230 milliards d’euros : c’est le montant que BNP Paribas, Crédit agricole et Société générale veulent économiser d’ici à 2013.
Place vacante
Déjà, BNP Paribas, Crédit agricole et Société générale, les principaux établissements qui financent ce secteur – avec plus de la moitié des prêts accordés –, ont décidé de réduire significativement la voilure. Ils veulent économiser environ 300 milliards de dollars (près de 230 milliards d’euros) dans ce domaine d’ici à 2013. Le montant total des crédits accordés par ces établissements en Afrique et au Moyen-Orient approche les 500 milliards de dollars par an, selon une récente étude du pôle recherche du groupe Ecobank Transnational Incorporated (ETI).

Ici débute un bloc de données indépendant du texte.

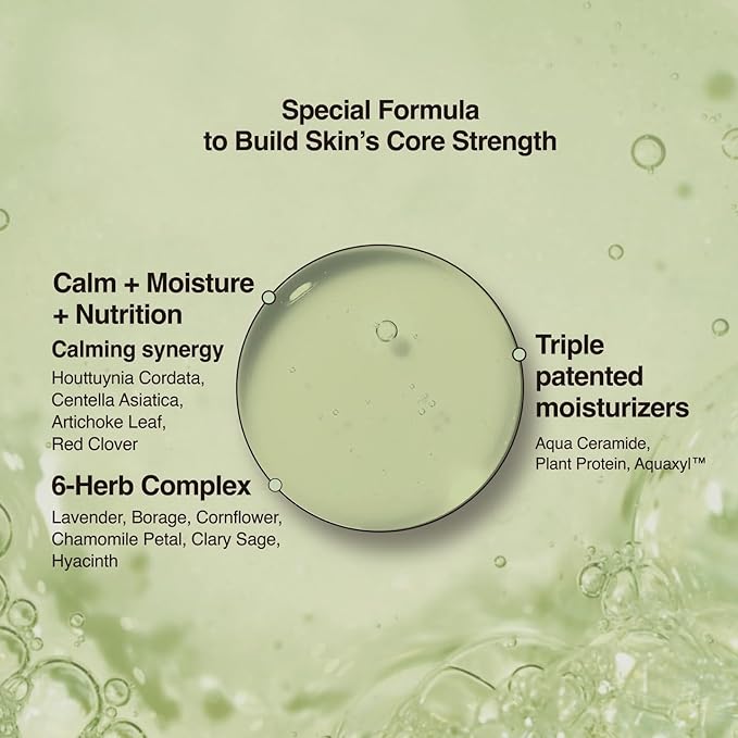 - BOTANICAL HYDRATION WITH HERB + MOISTURE COMPLEX: Combines a calming botanical blend—lavender, cornflower, borage, chamomile, sage, and hyacinth—with Aqua Ceramide and plant-derived moisturizers. Supports a healthy-looking skin barrier and visibly smoother texture.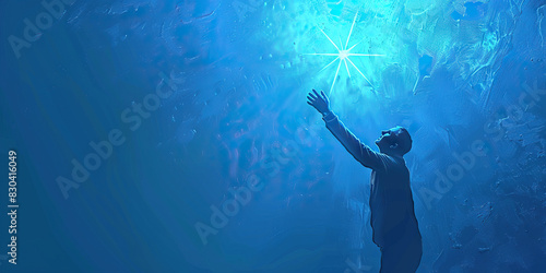 Hope (Light Blue) evokes a powerful emotion and resonates with many individuals. In this photo, a figure is stretching towards a gleaming star, personifying the yearning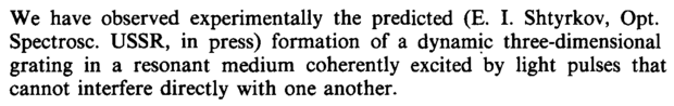 We have observed experimentally the predicted (Ε. I. Shtyrkov, Opt. Spectrosc. USSR, in press) formation of a dynamic three-dimensional grating in a resonant medium coherently excited by light pulses that cannot interfere directly with one another.

Les analystes affirment que les banques occidentales se concentreront, l’an prochain, sur leurs plus gros clients (Cargill, Glencore…). « Les acteurs de taille plus modeste devraient faire une croix sur toute possibilité d’obtenir un crédit en 2012 », a même déclaré au Financial Times le patron d’une société de négoce.

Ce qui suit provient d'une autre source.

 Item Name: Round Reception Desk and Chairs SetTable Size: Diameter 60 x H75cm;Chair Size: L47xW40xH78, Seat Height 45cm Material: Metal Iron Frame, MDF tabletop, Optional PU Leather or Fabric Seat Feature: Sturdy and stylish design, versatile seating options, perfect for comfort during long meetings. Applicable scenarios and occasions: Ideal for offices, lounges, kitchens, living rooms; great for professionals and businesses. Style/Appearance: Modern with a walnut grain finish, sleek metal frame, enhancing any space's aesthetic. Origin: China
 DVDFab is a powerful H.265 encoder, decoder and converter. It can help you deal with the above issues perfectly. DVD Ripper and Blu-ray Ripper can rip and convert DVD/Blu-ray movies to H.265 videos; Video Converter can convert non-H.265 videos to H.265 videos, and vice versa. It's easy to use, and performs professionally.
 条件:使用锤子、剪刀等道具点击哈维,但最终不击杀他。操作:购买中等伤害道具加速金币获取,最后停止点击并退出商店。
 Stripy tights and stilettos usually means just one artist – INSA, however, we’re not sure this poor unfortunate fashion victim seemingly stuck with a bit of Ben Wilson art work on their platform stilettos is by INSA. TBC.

Le terrain cédé par les établissements européens devrait être rapidement occupé par les institutions financières asiatiques (notamment chinoises), mais aussi par des établissements africains. Et en la matière, ETI, qui vient de former un lien capitalistique avec le quatrième groupe bancaire sud-africain, Nedbank, avance ses pions. Sa filiale française, EBI SA, spécialisée dans le financement des opérations des multinationales en Afrique et des sociétés africaines commerçant avec l’Europe, vient de porter son capital social de 20 à 50 millions de dollars pour se donner plus de moyens.
Restructuration
Présidé par le Gabonais Christophe Jocktane-Lawson, EBI SA, qui a démarré ses activités en juin 2009, multiplie les initiatives pour monter en puissance. « Nous ciblons les activités des grands groupes comme Glencore, Vitol ou encore Trafigura, dont les besoins de paiement à l’international sont importants », affirme Christophe Bourland, le directeur général d’EBI SA.

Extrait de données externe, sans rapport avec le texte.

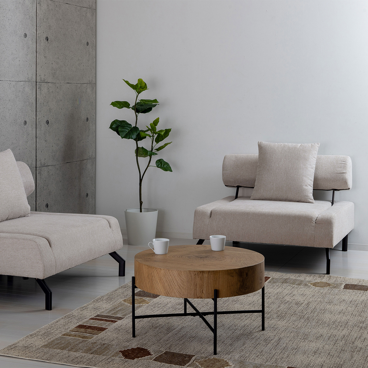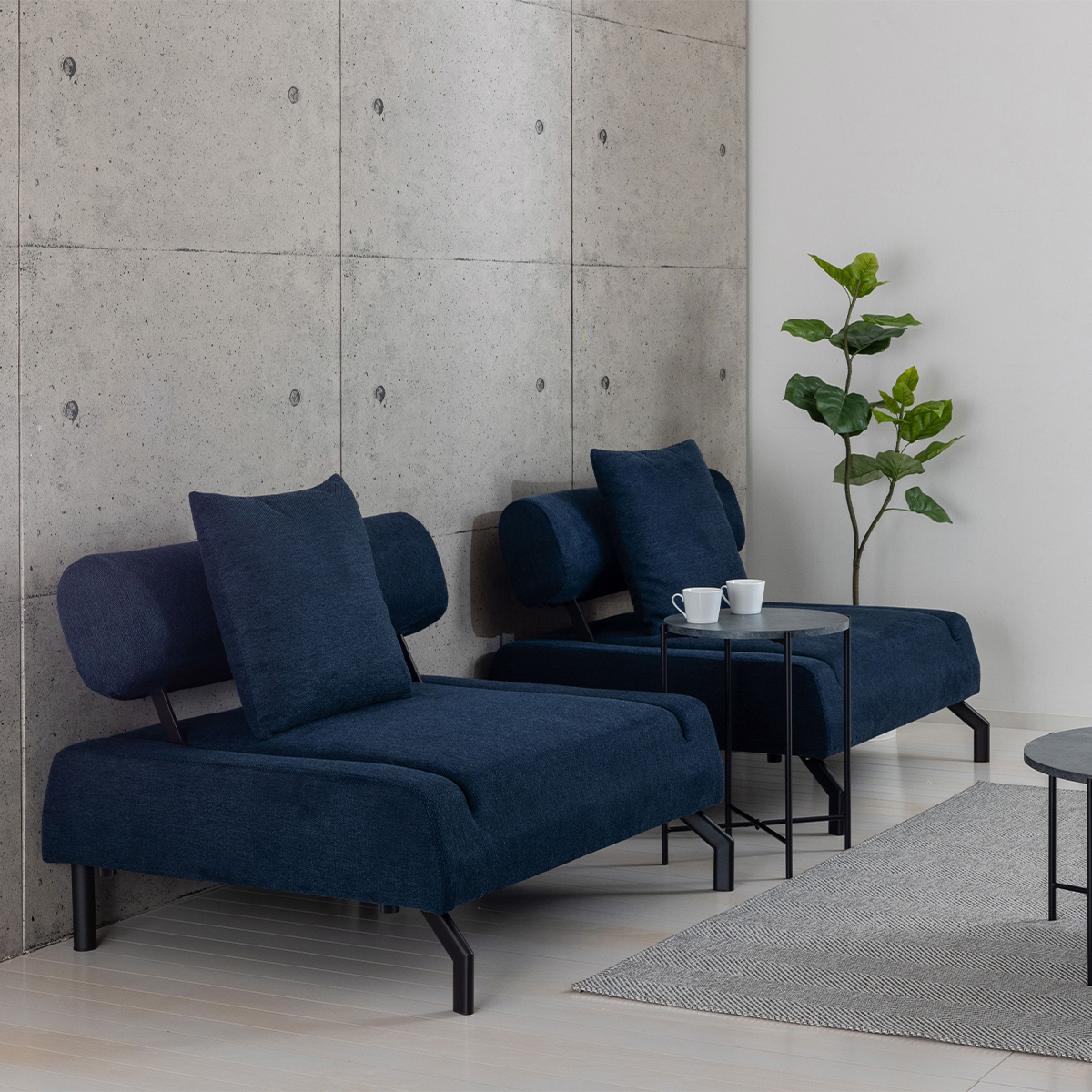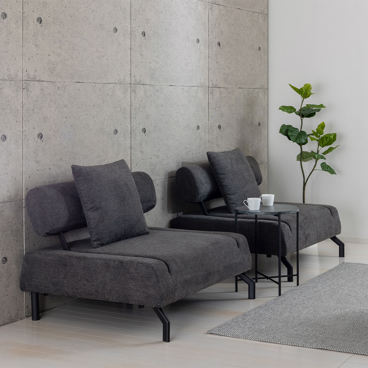 2台を自由にレイアウトでき、休憩室から応接スペースまで幅広く対応。

Outre le financement des échanges intercontinentaux, ETI mise sur le commerce régional, qui a représenté 86,2 milliards de dollars en 2010, l’équivalent de 10,9 % des échanges de toute l’Afrique subsaharienne avec le reste du monde. Là aussi, le groupe entend profiter de la restructuration bancaire qui s’opère en Europe et qui devrait se traduire par le retrait de groupes étrangers d’Afrique de l’Ouest.
Nous ciblons les activités des grands groupes comme Glencore, Vitol ou encore Trafigura.
Christophe Bourland, directeur général d’EBI SA
Mais Ecobank a-t-il les moyens de ses ambitions ? Paul-Harry Aithnard, le directeur du département recherche du groupe, répond par l’affirmative. « D’abord, indique-t-il, l’acquisition récente de la banque nigériane Oceanic Bank a permis de renforcer notre assise financière, avec un total de bilan [cumulé, NDLR] de près de 18 milliards de dollars. Ensuite, l’assise géographique du groupe [32 pays] est un véritable atout. » Un atout suffisant ? ETI devra compter avec les autres banques africaines, notamment avec celles d’Afrique du Sud. Mais l’enjeu est de taille.